En 1975, un joven de 33 años trabajaba de carpintero en la oficina de Francis Ford Coppola en unos estudios de Los Ángeles. Le reclutó el diseñador de la reforma, amigo suyo. El carpintero puso una condición: “Vale, Dean, lo haré, pero sólo de noche”. Porque el joven carpintero era en realidad actor. Llevaba diez años en Hollywood, si bien actuando de manera esporádica por esos días, eligiendo en exclusiva los papeles que le interesaban. De ahí lo de la carpintería. Y lo de trabajar de noche: no por vergüenza de su labor, sino por saber que no le convenía ser visto en ese papel; ni por el dueño de la oficina (con quien había trabajado un año antes en La conversación) ni por otros de la llamada Industria. Pero una de esas noches el amanecer le pilló trabajando. Estaba en el suelo, instalando la puerta de la oficina, cuando emergieron por ella, entre otros, Francis Ford Coppola y George Lucas; este último, el otro director con quien había rodado más recientemente, en una de esas películas que también le interesó hacer, American Graffiti (1973). Así que tuvieron que darse los buenos días.
En 1975, un joven de 33 años trabajaba de carpintero en la oficina de Francis Ford Coppola en unos estudios de Los Ángeles
Al recordar esto casi treinta años después, en un encuentro en televisión con el director Sidney Pollack, el otrora carpintero no pudo evitar relacionarlo con otro momento muy similar acaecido a mediados de los años 60, casi recién llegado a Los Ángeles. Acudió a una entrevista de trabajo con Columbia Pictures que duró apenas “cinco minutos”. Al salir, esperando el ascensor, le entraron ganas de ir al baño. Al salir del baño se encontró con el tipo de la entrevista, que le preguntó si quería el contrato. Tuvo entonces la corazonada de que “si hubiera bajado directamente a la calle”, sin la inoportuna visita al servicio, aquel hombre nunca le habría vuelto a llamar. Igual que en la oficina de Coppola una década después: “Quizás si no llego a estar allí de rodillas, instalando esa puerta”, no hubiera ocurrido. Se refería a acabar enrolado en el casting de una película que, sobre el papel, a muchos se antojaba delirante por entonces: La guerra de las galaxias. (Él intuyó que sería un éxito, aunque “no entre gente mayor de 15 años”.)

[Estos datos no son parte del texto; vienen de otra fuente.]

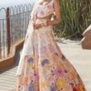 Look like a vision on your engagement day in this ethereal orange ensemble. It is cut in tulle and heavily embellished with sequin work on lehenga & dupatta and floral motifs on the blouse. Style it with a jadau necklace set to complete your look.
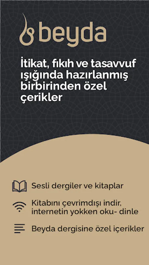 In addition to consumables, grammar and logic; We are a group of students who are educated in the fields of Akait, Tafsir, Hadith and Fiqh and try to apply these sciences to our lives with mystical decency and try to be useful to people. We present the magazines and books prepared in the light of these sciences with our Beyda application.
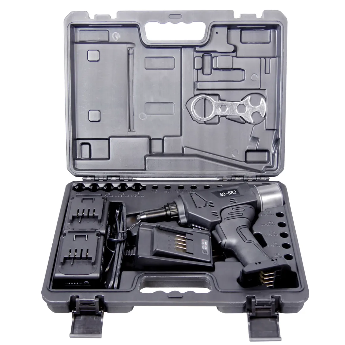 Akku Nieter Blindnietgerät | Nietgerät | GO-BR2 Hochfeste Blindniete Setzwerkzeug mit bürstenlosem Motor 18V inkl. 2 Akku, Koffer und Zubehör Arbeitsbereich ø 3,0 – 6,4 mm alle Materialien
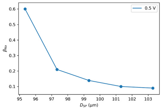 as a function of SP size with . Calculations were performed using the experimental reference data of EFC charging at a constant voltage of 0.5 V.
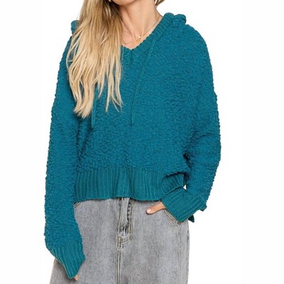 Whether you're running around town or lounging at home, this sweatshirt works for both.This hoodie sweater is designed with a relaxed oversized fit, featuring a V-neckline, a hood with an adjustable tie, knitted weave band detail on the high-low hem, and long banded sleeves. Perfect for casual looks with jeans or dressed-up vibes with skirts. Measurements: Small Bust 52", Length 22", Medium Bust 54", Length 22", Large Bust 56", Length 22", XL Bust 60", Length 28", 2XL Bust 62", Length 28", 3XL Bust 64", Length 28". The back is longer. Made from 80% polyester and 20% acrylic. Hand wash cold.
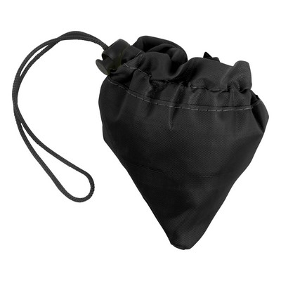 Foldable shopping bag, folded into corner with string and plastic stopper
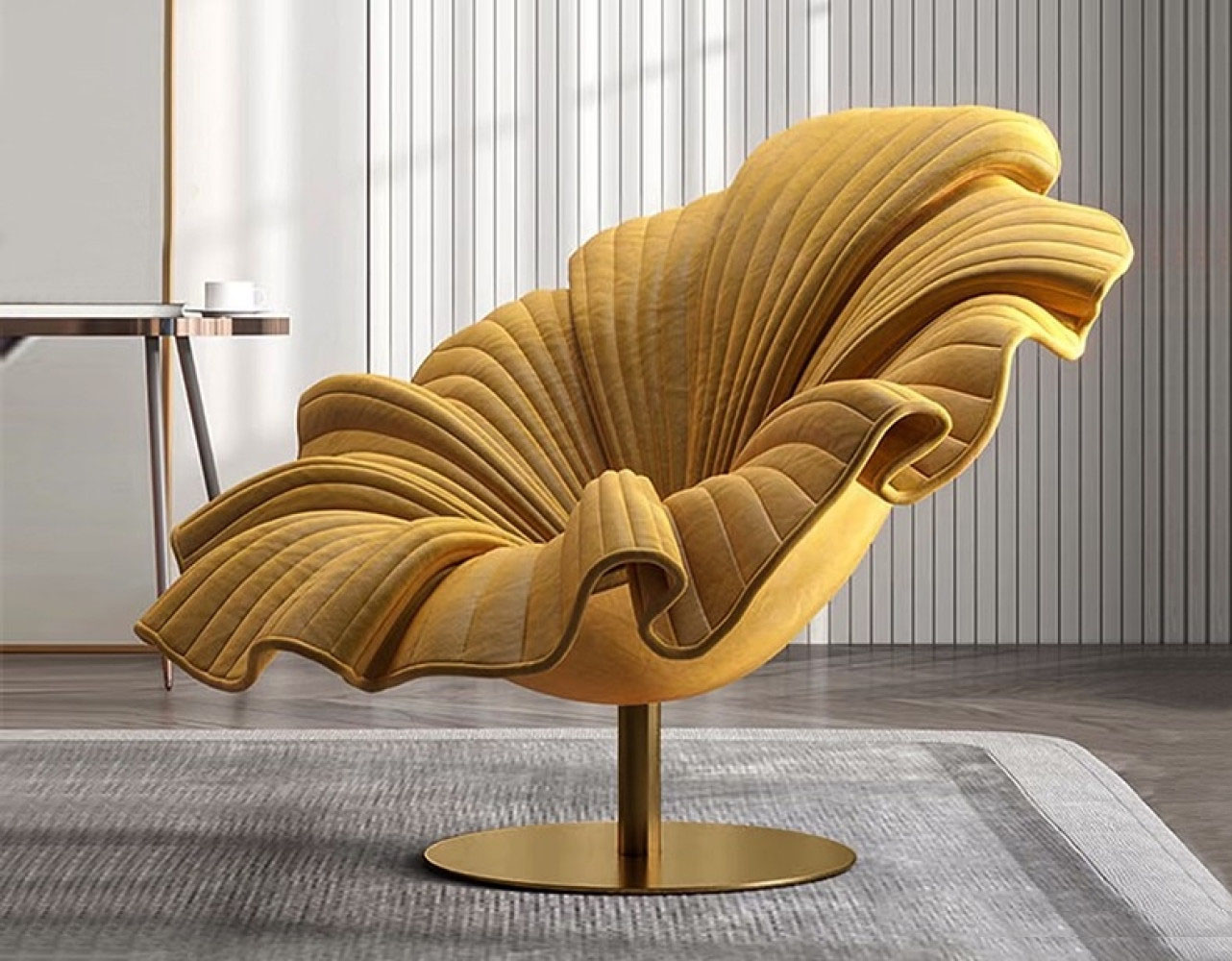 设计师款-花瓣椅 意式轻奢创意客厅绒布面料旋转休闲椅
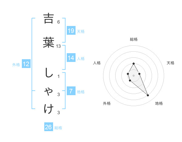 吉葉 しゃけさんを姓名の画数から五運を鑑定

Pero George Lucas no estaba dispuesto a repetir con ningún actor con quien ya hubiera filmado. Lo que hizo fue pedir al carpintero que leyera las líneas del buscavidas galáctico Han Solo para probar a otros aspirantes al reparto, dándoles la réplica. “Trescientas personas” pasaron por delante de sus legendarias narices, relataba, hasta que –subyugado quizás por el peso de algo que más de uno llamaría destino–, Lucas se rindió: él era Han Solo. También ayudaría que, para entonces, el carpintero se sabría el papel de memoria.

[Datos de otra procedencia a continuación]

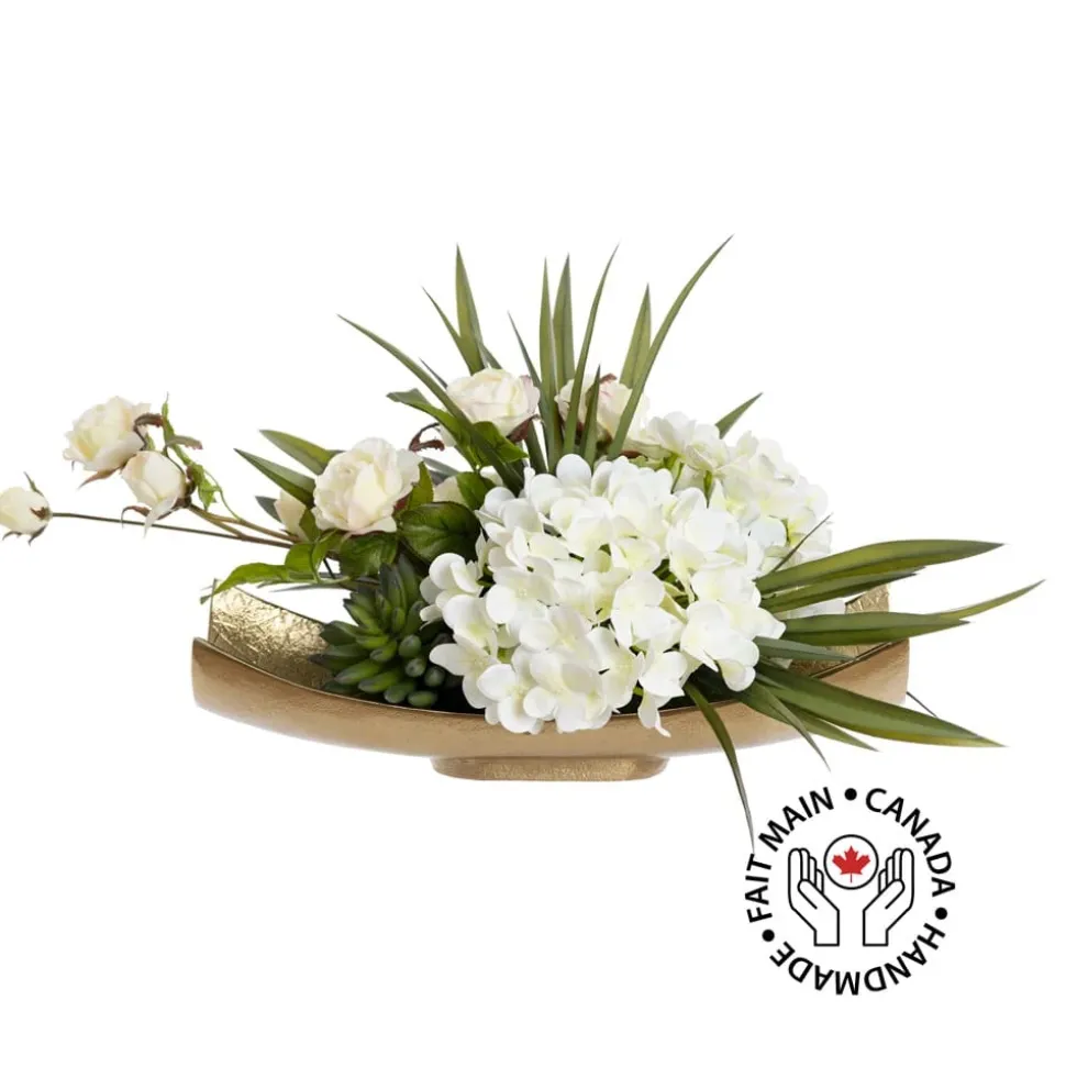 Rose and hydrangea centerpiece. Bring the elegance of white flowers to your table with this artificial centerpiece of lush hydrangeas and delicate roses. All set in a pretty gold metal tray! Perfect as a housewarming gift.
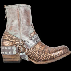 Ramone Is “Wanted” For Beingbold And Rebellious. This Full-Grain Leather Ankle Bootie Is Constructed Witha Western Shaft Crown, An Inside Zip Closure, And Paired With An Outside Welt. Finished With An Embellished Harness, Making Ramone A High Reward Item.
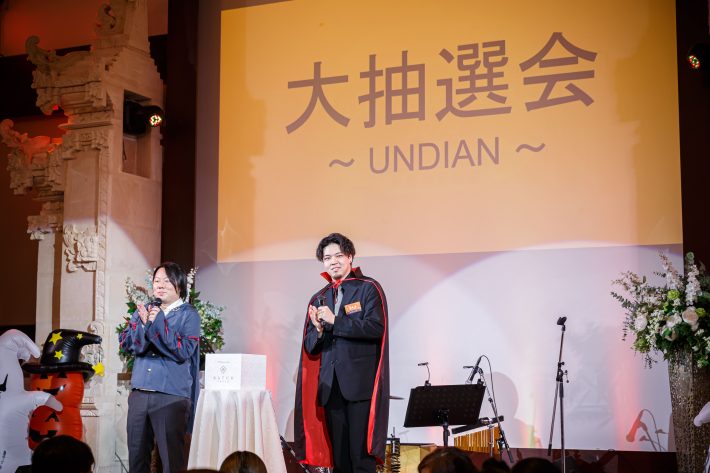 ハロウィンナイトの目玉のひとつ、抽選会!バリアンの宿泊チケットのほか、パセラグループのホテルやレストラン招待券が当たる抽選会。会場からも熱気と歓喜の声が溢れていました。

Harrison Ford nació en Chicago en julio de 1942. Sus padres, Christopher y Dorothy, trabajaron para que fuera el primer universitario de la familia. Pero la experiencia fue sombría para él desde el principio, muy distante de la actividad que desplegó en el instituto. Se sentía al margen –confesaba en el reciente documental de Disney Héroes eternos–, desubicado y sin rumbo. Estudiaba Filosofía y Letras, en la universidad sin lustre de Ripon College, y no conseguía que las clases le entusiasmaran, cosa que se reflejaba en sus notas. Un día se le ocurrió matricularse en alguna asignatura de las fáciles con el objetivo de subir la media. Iba buscando otra cosa cuando dio con Teatro. Al principio le temblaron las piernas. Pero fue allí donde encontró a sus semejantes: “Aquél sí era mi lugar. Por primera vez me sentía emocionalmente implicado con lo que hacía”. (… Pero: ¿fue casual esa decisión? ¿No tendría algo que ver, allá al fondo, con que sus progenitores hubieran actuado en radionovelas, y uno de sus abuelos en vodeviles…?)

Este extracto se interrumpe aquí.